Die Slowakei hat die Flat-Tax eingeführt, in Tschechien ist sie geplant. Kommt Österreich da nicht schön langsam unter Druck?

Grasser: Eine Flat-Tax für die Einkommensbesteuerung lehne ich auf jeden Fall ab. Ganz einfach, weil sie unsozial wäre, die Verteilungswirkung wäre katastrophal, wird sie ja meist mit einer höheren Umsatzsteuer gegenfinanziert wird, was vor allem niedrige Einkommen trifft. Wer mehr verdient, soll auch mehr zum Sozialsystem beitragen.

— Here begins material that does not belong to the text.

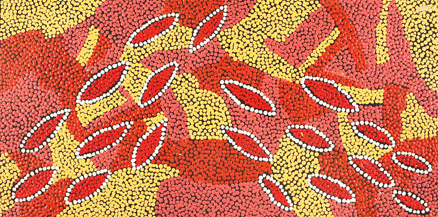 Marita Napanangka Marshall paints for the Warlukurlangu Artists Aboriginal Corporation located at the Yuendumu community 300km north-west of Alice Springs in the Northern Territory of Australia. Established in 1985, Warlukurlangu Artists Aboriginal Corporation is a fully Aboriginal owned and governed art centre with over 600 members. One hundred percent of the proceeds from the sale of all art works go directly back to the artists and their community projects.

Vor kurzem forderten Sie, reichen Bürgern Sozialleistungen zu streichen, etwa die Familienbeihilfe. Ab welchem Einkommen oder Vermögensstand ist denn jemand reich?

Grasser: Das ist zur Zeit kein aktuelles Thema. Wir haben keine konkreten Pläne zu diesem Thema. Deshalb will ich mich auch gar nicht darauf einlassen, wann jetzt jemand reich ist und wann nicht. Priorität hat derzeit die Reduktion der Arbeitslosigkeit. Alle namhaften Wirtschaftsforscher haben uns geraten, noch stärker in die Forschung zu investieren. Das tun wir nun mit der Forschungsanleihe. Eine Milliarde mehr für die Forschung hat bisher noch keine Bundesregierung bereitgestellt.

Wie lange wird denn diese Legislaturperiode dauern?

Grasser: Bis zum Herbst 2006.

Werden Sie im Herbst 2006 noch Finanzminister sein?

Grasser: Sicher.

Sie haben keine Pläne, noch vor dem Sommer in die Privatwirtschaft zu wechseln?

Grasser: Nein. Das ist kein Thema. Ich denke, wir haben viel erreicht, aber es gibt auch noch extrem viel zu tun. Wir müssen uns überlegen, wie wir mehr Wachstum schaffen und die Arbeitslosigkeit reduzieren können und wie die nächste Steuerreform aussieht. Die Herausforderungen sind also nach wie vor sehr groß, und 2006 ist dann der Wähler am Wort.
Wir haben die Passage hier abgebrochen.